There is a general lack of coverage about these issues that the media needs to be called out for. The #MeToo movement was a much-needed one to oust the bad actors in Hollywood. As many would attest, the movement morphed into, some parts good, and some parts a witch hunt with mostly men being the targets of such witch hunts. Male victims of sexual assault were never highlighted despite, again, the prison statistics alone providing more than enough stories.
The media played a role in that by, one, not highlighting the male victims of sexual assault, and two, elevating stories that may not have been accurate that targeted innocent men or those like Aziz Ansari. It was a two-pronged sword of ignoring an issue with victims attached while at the same time pushing any story that targeted the same gender without any consideration to the implications of such actions.

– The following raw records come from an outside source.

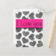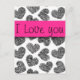 A modern and artistic pattern featuring hand-drawn, scribble-style hearts in a classic black-and-white palette and 'I Love You' text written in fun script on a pink background. Cute, girly and lovely heart designperfect for Valentine's Day or anniversary for your loved one.
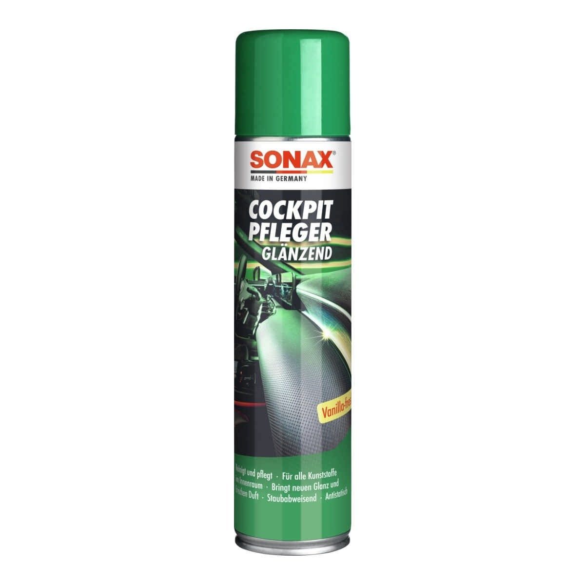 SONAX CockpitPfleger Glänzend почиства и поддържа всички пластмасови части в автомобила. Придава нов блясък и свеж аромат на ванилия на кокпита. Отблъсква прах, антистатичен е и предотвратява чупливостта на пластмасите. Подходящ е и за дървени арматурни панели. Без силикон.
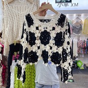 ノミクマ コントラストカラー ホック くり抜きセーター プルオーバー カジュアル 長袖 Oネック ニット 2022秋 ショート プルオーバー ロング オータム 秋物 kor8992150651
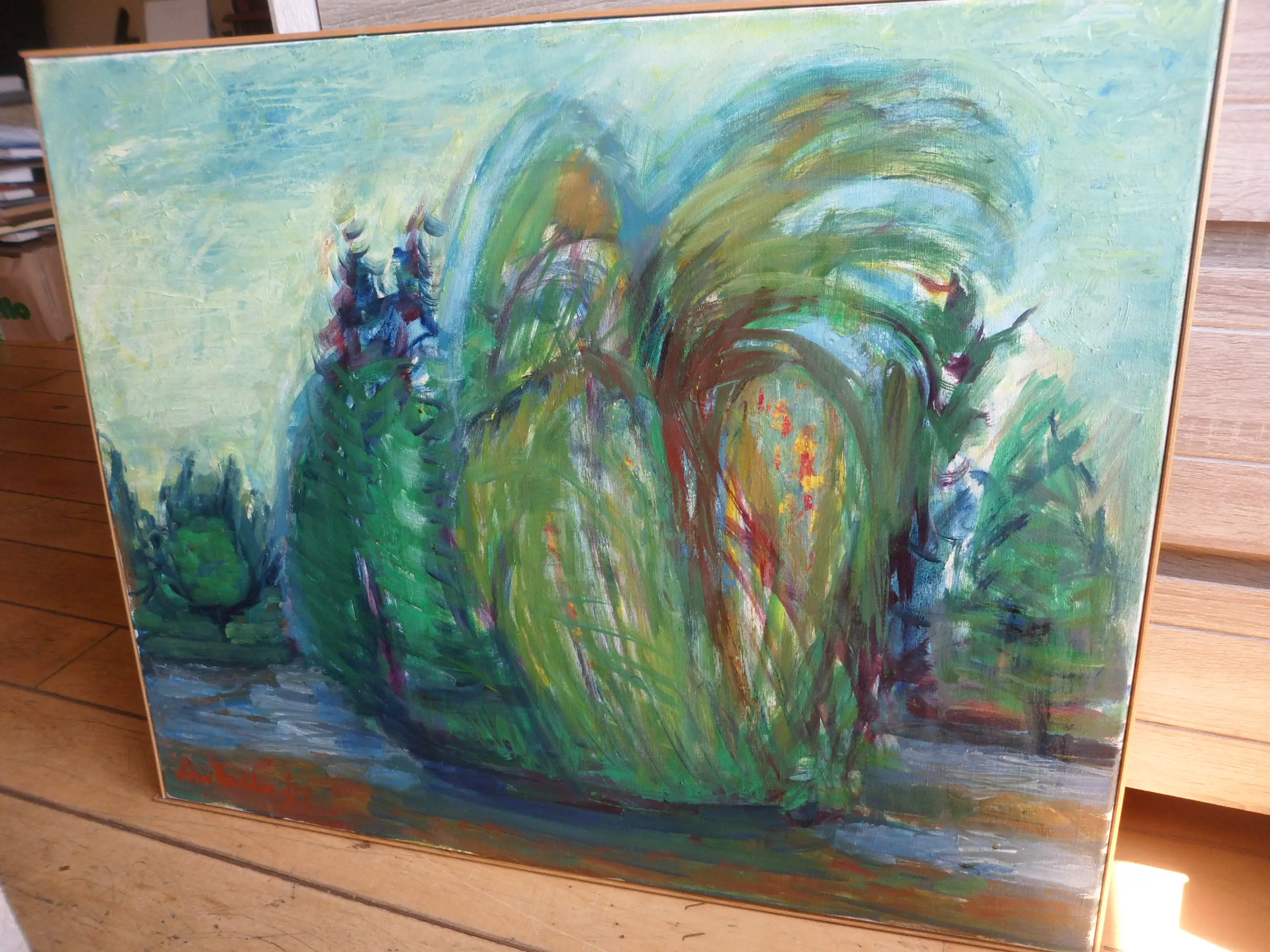 In dit behoorlijk abstracte landschap . Het werk is in het echt nog mooier en levendiger van kleur.
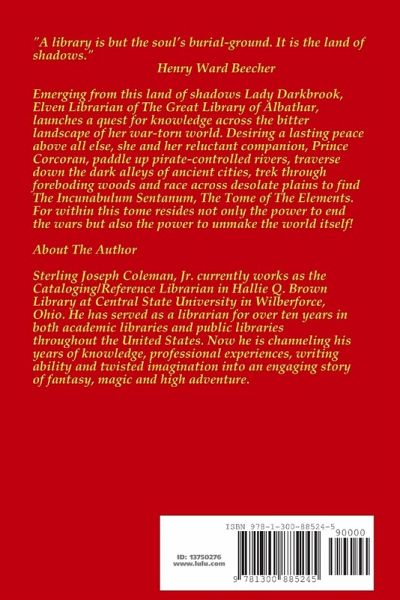 "A library is but the soul's burial-ground. It is the land of shadows." Henry Ward Beecher Emerging from this land of shadows Lady Darkbrook, Elven Librarian of The Great Library of Albathar, launches a quest across the bitter landscape of her war-torn world to find the first of four magical tomes. Desiring a lasting peace above all else, she and her reluctant companion, Prince Corcoran, travel up pirate-controlled rivers, traverse down the dark alleys of ancient cities, trek through foreboding woods and race across desolate plains to find The Incunabulum Sentanum, The Tome of The Elements. For within this tome resides not only the power to end the wars but also the power to unmake the world itself!

A good solution to this is for the mainstream media outlets to develop specialized personnel that can respond if someone calls their news stations or places of work.

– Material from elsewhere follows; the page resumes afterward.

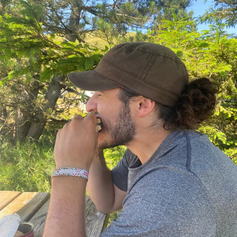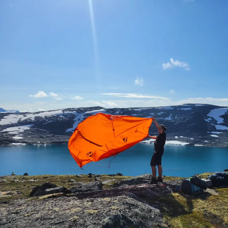 We hiked through rivers and lakes (obviously) but also glaciers and snow. We found a beautiful lunch spot where we dried our tent and tried a new recipe: rice cooked the day before mixed with an actual cube of chicken. Like, 500g of "chicken" hydrolic pressed into a cube or something. Probably some act of defiance to god, but it tasted great and fixed our apparent caloric deficit from the day before.
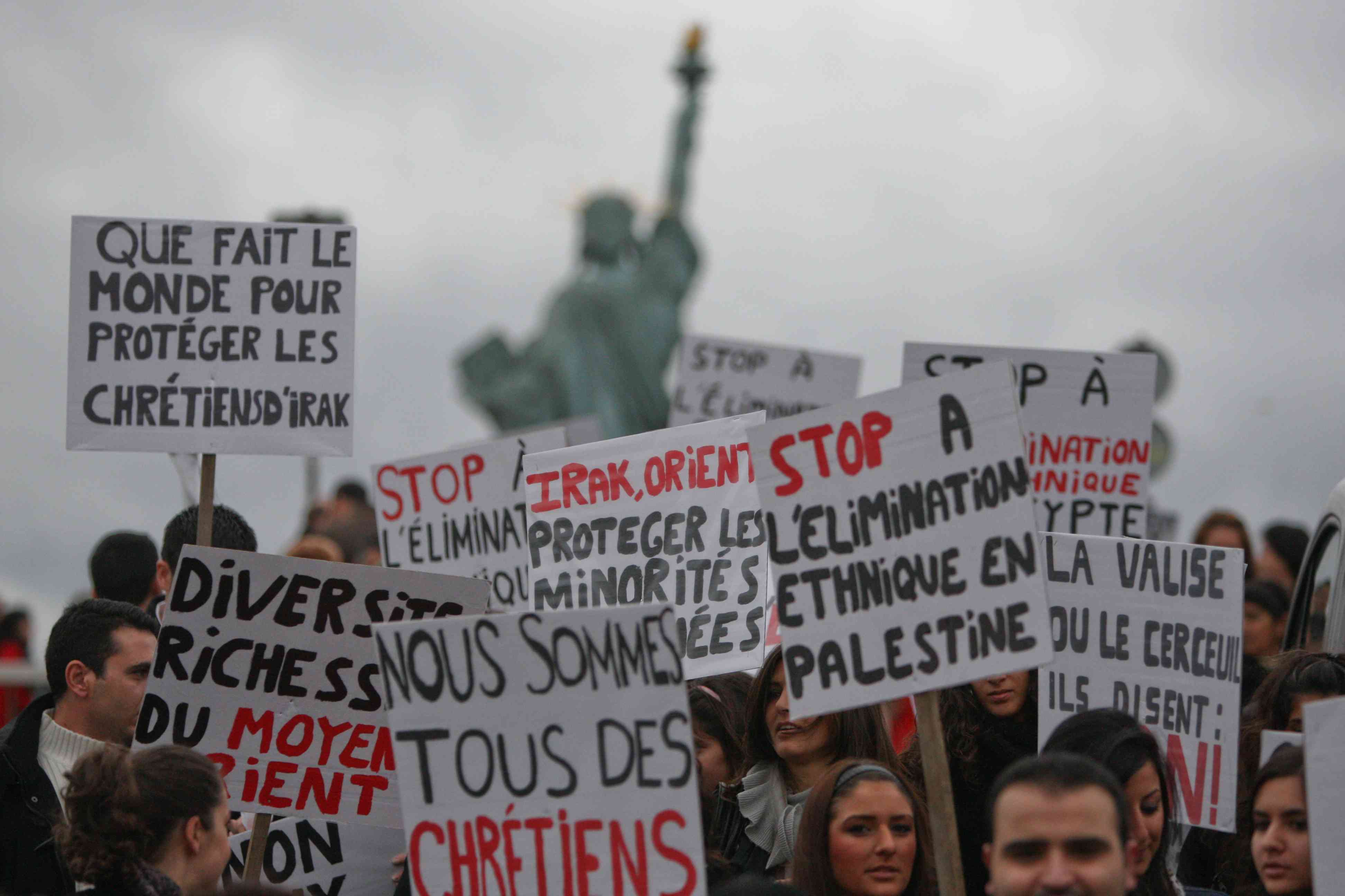 Cette manifestation, qui s’était donné rendez-vous au pied de la statue de la Liberté, sous le Pont de Grenelle, avant de rejoindre le Parvis des Droits de l’Homme, au Trocadéro, avait pour but de condamner fermement la prise d’otages sanglante perpétrée à l’encontre des chrétiens d’Irak le 31 octobre 2010 dans l’Eglise Syriaque Catholique Al-Najat de Bagdad, qui s’est soldé par la mort de 53 personnes et une soixantaine de blessés.

For example, a person could have been raped, a judge gives a terrible ruling such as the Brock Turner case, and many outlets wouldn’t have trained personnel on staff to help deal with someone who may call in to report what happened in their case. Sometimes, people utilize the media to spread a message to the people to motivate action. Our media outlets and organizations must provide a safe pipeline for victims to report things that may occur.

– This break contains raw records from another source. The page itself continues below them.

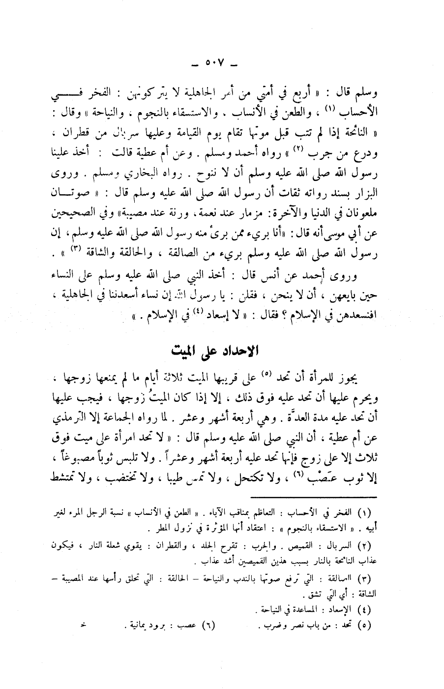 وسلم قال: " أربع في أمتي من أمر الجاهلية لا يتركونهن: الفخر في الاحساب (1) ، والطعن في الانساب، والاستسقاء بالنجوم، والنياحة " وقال: " النائحة إذا لم تتب قبل موتها تقام يوم القيامة وعليها سربال من قطران، ودرع من جرب (2) " رواه أحمد ومسلم.
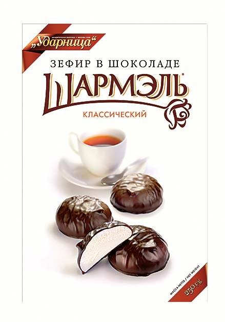 В суете повседневных дел обязательно найди время для маленьких удовольствий! «ШАРМЭЛЬ» – изысканные легкие сладости, которые не содержат жиров. В основе каждого продукта – только натуральные компоненты: яблочное пюре, яичный белок и агар-агар (уникальное полезное вещество, которое получают из морских водорослей). Зефир в шоколаде «Шармэль», созданный кондитерами ОАО «Ударница», глазирован настоящим шоколадом.
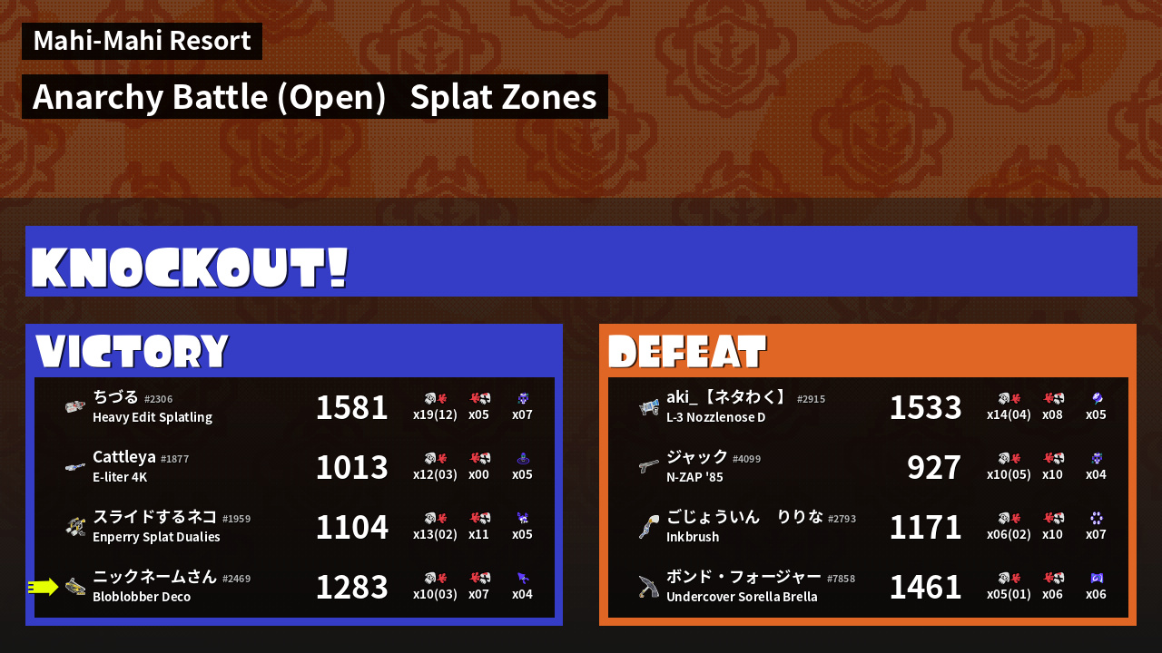 | Mode | Splat Zones - Anarchy Battle (Open) | ||
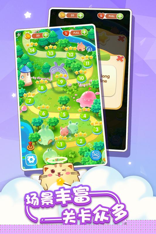 经典泡泡龙玩法与猫咪收集养成系统深度结合,每一只解锁的猫咪都拥有独特的造型与背景故事。
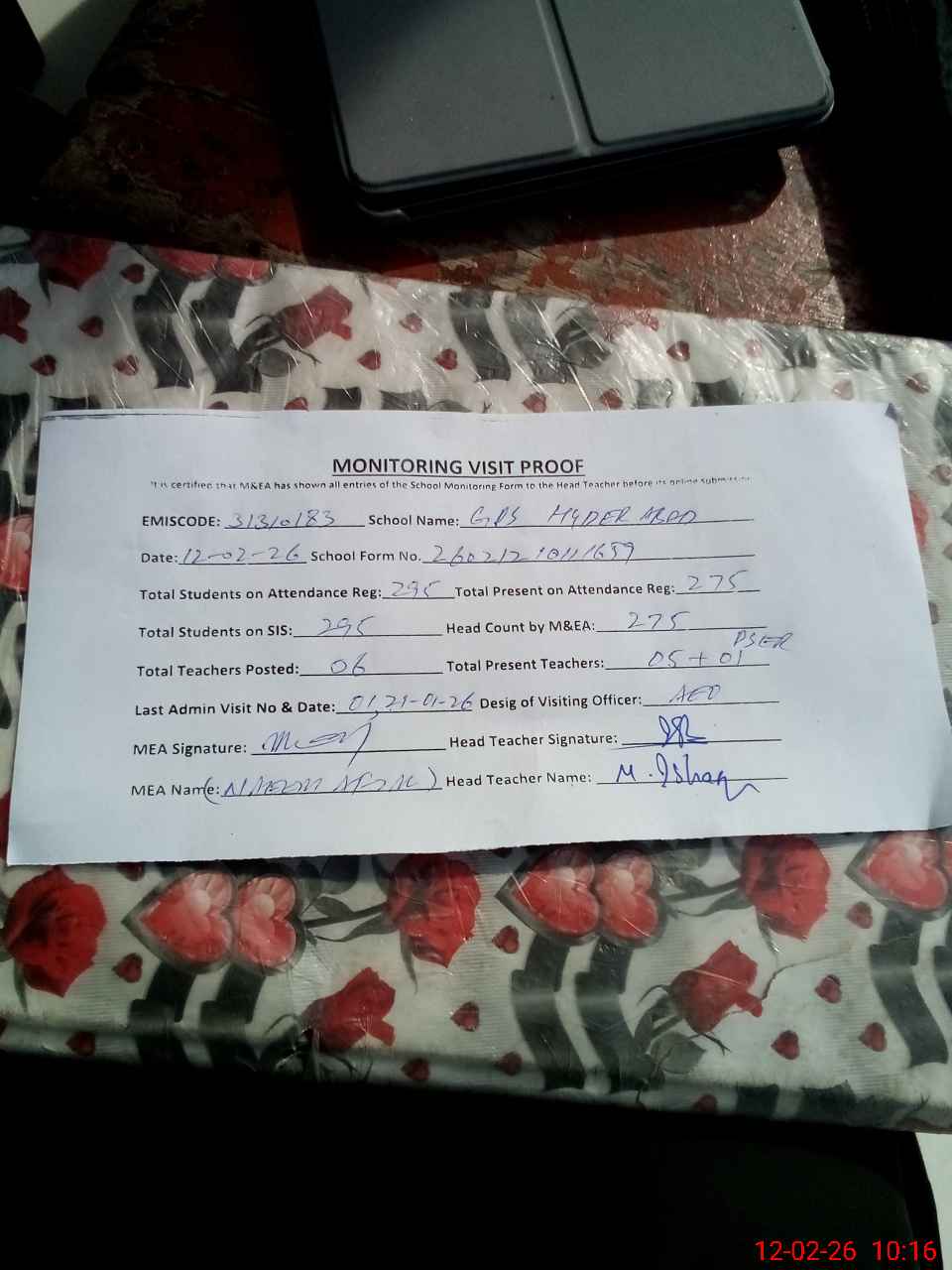 | Attendance Register | Head Teacher | MEA with School | Visit Proof |

If media organizations have victims of sexual assault on staff then perhaps creating stories and dialogues utilizing that staff member could be beneficial. That would show that there are those in positions of power and influence that could identify with a victim. Having someone to look up to who experienced something similar in life could promote a culture of ending silence.
After all, isn’t that the whole point of the #MeToo movement?
Lack of Political Support
Point #3 explains part of this point. The politicians who push every story with a woman being the victim of sexual assault but never addressing the male victims are apart of the problem. Women being victims should always be highlighted. However, the same should be true for male victims as well.
When the Bret Kavanaugh situation was occurring we got stories and we don’t know one way or the other if those stories were accurate. However, millions were spent investigating Justice Kavanaugh into allegations of sexual assault but much less consideration is given to all the men in prisons who are raped on a darn near-daily basis.
We are not suggesting Mr. Kavanaugh should not have been investigated. All allegations of sexual assault should be investigated regardless if someone thinks those allegations have merit or not.
However, if such resources can be utilized with such speed and resolve then perhaps some of those same funds could have been utilized to investigate male sexual assault stories.
We must demand more of our leaders and lawmakers to address this growing problem that affects millions of our fellow Americans. Politicians, in particular, must address this problem and draft legislation to combat the unacceptable amount of sexual assault victims.
We must address the specter of sexual assault and squash out perpetration and victimization with equal rigor.
We cannot allow this epidemic to flourish and yet call ourselves a civilized society. Together, we can take a stand against sexual assault. We need to fight together no matter what the gender the victim just so happens to be.
That is equality. Anything less than equality produces a situation where work has to be done.